Navy joins effort to track moving oil slick in the Gulf

The service deploys systems to measure currents, water temperature, salinity and organic matter such as oil from the surface to depths of thousands of feet to develop a model of the evolving spill and where it's headed.

Seagliders "fly" through the water to measure temperature, salinity and traces of oil in Gulf waters. National Oceanic and Atmospheric Administration

To support the federal response to the oil disaster in the Gulf of Mexico, the Naval Oceanographic Office has deployed sensor systems to monitor surface currents and measure physical properties of the deeper Gulf waters to better analyze the disbursement of the millions of barrels of oil that has poured into the environment.

The instruments support a modeling program in the Gulf, providing information to the national response team's effort to assess the status and drift of an oil slick now the size of Maryland, said Capt. Brian Brown, commanding officer of the Naval Oceanographic Office at Stennis Space Center in Mississippi.

His organization is part of a joint federal effort that includes a number of agencies, primarily the National Oceanic and Atmospheric Administration. The mission has personal implications for the 1,000 military, civilian and contract workers at the office because "this is our backyard," Brown said. "We work and live on the Gulf. Many of our employees grew up here."

With information from sea sensors and satellites, the office provides the Defense Department and other federal agencies a global ocean forecast model that is useful for 72 hours.

The model, which has a 7-mile grid resolution, includes the Gulf of Mexico and provides information on currents and ocean structure from the surface of the sea down to the bottom of the ocean, Brown said.

To better understand and predict smaller scale ocean circulations in the Gulf of Mexico as part of the response to the oil spill, the Naval Oceanographic Office has accelerated the planned development of a higher resolution 1.5-mile grid resolution model, currently undergoing final verification and validation.

Both models depend on data obtained by measuring key variables, including currents, temperature and salinity both on and below the surface of the ocean.
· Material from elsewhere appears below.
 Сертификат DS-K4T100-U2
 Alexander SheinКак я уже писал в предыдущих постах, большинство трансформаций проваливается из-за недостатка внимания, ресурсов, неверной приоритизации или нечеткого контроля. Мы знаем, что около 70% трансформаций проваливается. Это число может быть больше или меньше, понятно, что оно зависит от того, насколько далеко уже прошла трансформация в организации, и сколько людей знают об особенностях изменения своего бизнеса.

The Navy recently deployed 20 instruments in the Gulf of Mexico with support from NOAA to gather additional data for the higher resolution model, Brown said.
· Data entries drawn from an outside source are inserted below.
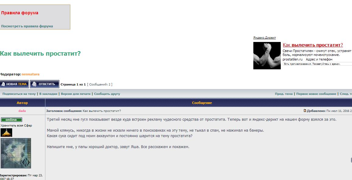 Третий месяц мне гугл показывает везде куда встроен рекламу чудесного средства от простатита. Теперь вот и яндекс-дерикт на нашем форуме взялся за это.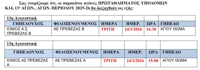 ΑΛΛΑΓΗ αγωνων Κ14., 13η αγων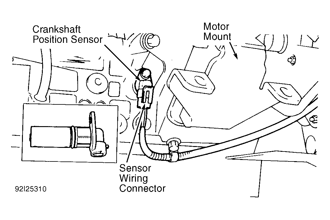 - Remove negative battery cable. Remove right side exhaust shield. Disconnect front drive shaft yoke. Remove crank angle sensor wiring connector located on right side of block, behind motor mount. See Fig 1. Remove sensor mounting nut and sensor.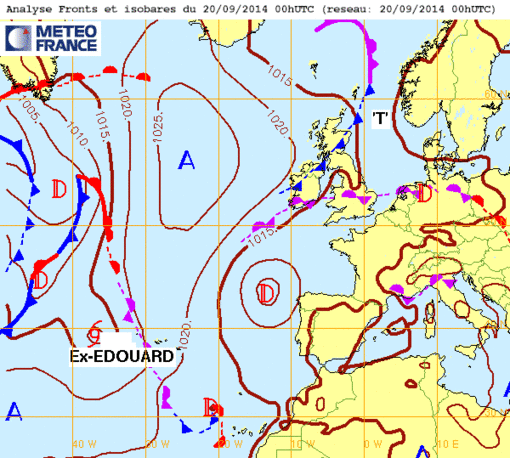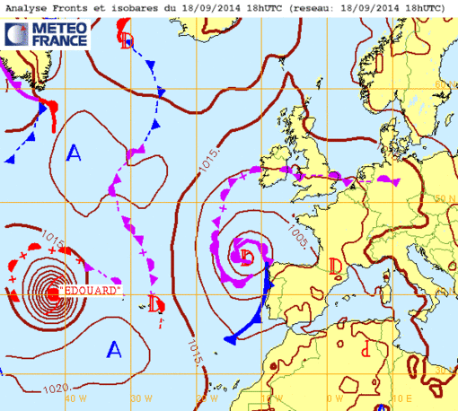 Ve 19 sept 14 à 11h00 : ...ou quand Edouard se retrouve en plein centre atlantique...mais il ne sera bientôt plus qu'une simple Tempête Tropicale car il se comble et rapidement le pauvre ! (voir Cyclones )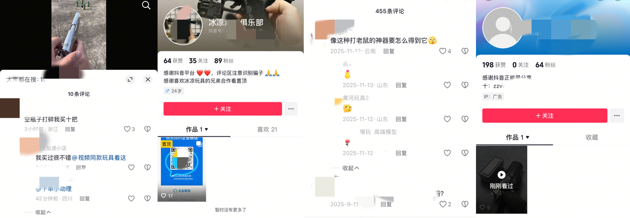 一位行业知情人士透露,由于销售端与生产端高度分离,溯源难度较大。“很多卖家对玩具枪的具体参数一无所知,只是负责销售。一旦发生伤人事件,追责将非常困难。”该人士表示,目前短视频平台和主流电商平台已开始对相关销售行为进行封禁,但部分圈内卖家与买家转而使用暗语、黑话等方式交流,不断规避平台违禁词审核,使得监管面临持续挑战。

These include two subsurface Seagliders deployed from the NOAA ship Thomas Jefferson this week, said Dan Berkshire, technical lead for the ocean measurements department at the Naval Oceanographic Office.

Similar to aerial gliders, the 110-pound, 9-foot long gliders "fly" through the sea on predetermined compass headings, using internal bladders to adjust their buoyancy and sensors to measure temperatures and salinities from the surface to depths of 3,200 feet. A fluorometer was installed on each glider to measure dissolved organic material in the sea, including potential oil.

Berkshire said the gliders surface every six hours to transmit the data they have collected via a built-in iridium satellite telephone satellite chip to a Defense satellite gateway in Hawaii, which then relays the information back to the Naval Oceanographic Office in near real time. While the Seaglider is on the surface, Berkshire said it is updated via satellite with a new course.

Brown said the Naval Oceanographic Office also deployed six subsurface APEX profiling floats, which gather the same data the Seagliders collect, as well as 12 Davis drifting surface buoys to measure surface ocean currents.

But he pointed out the two systems, unlike the Seagliders, are at the mercy of currents to control their location. Both systems transmit their data via the Argos satellite system operated by NOAA, NASA and the French governments space agency in a partnership. The data is available to the global oceanographic community via the World Meteorological Organization's Global Telecommunications Service. The surface drifters provide positions several times a day and the profiling floats send observations every five days.

The data the seagliders transmits is fed to the supercomputing complex at Stennis, which includes a 12,872 processor Cray machine capable of 117 trillion operations per second and a 5,312 processor IBM machine capable of 92 million operations per second, said Robert Lorens, director of the ocean prediction department at the Naval Oceanographic Office.

The supercomputers use the data to run in a sophisticated ocean forecast model to produce representations of currents and forecast ocean structure. The data is stored in standard oceanographic file formats that can be displayed as standalone graphics, incorporated into geospatial information systems or a variety of other systems, Brown said.

Lorens said the Navy, with its ocean modeling and supporting data collection program, can assist the national response team's efforts in determining the long-term transport of the oil in the Gulf of Mexico, including whether the the area's loop current could carry oil around the southern tip of Florida and up its eastern coast.

There is always an inherent risk in operating in the maritime environment, especially beneath the ocean surface. Brown said he is concerned the oil could render the seagliders and their sensors close to inoperable, but he believes the potential benefits outweigh the risks.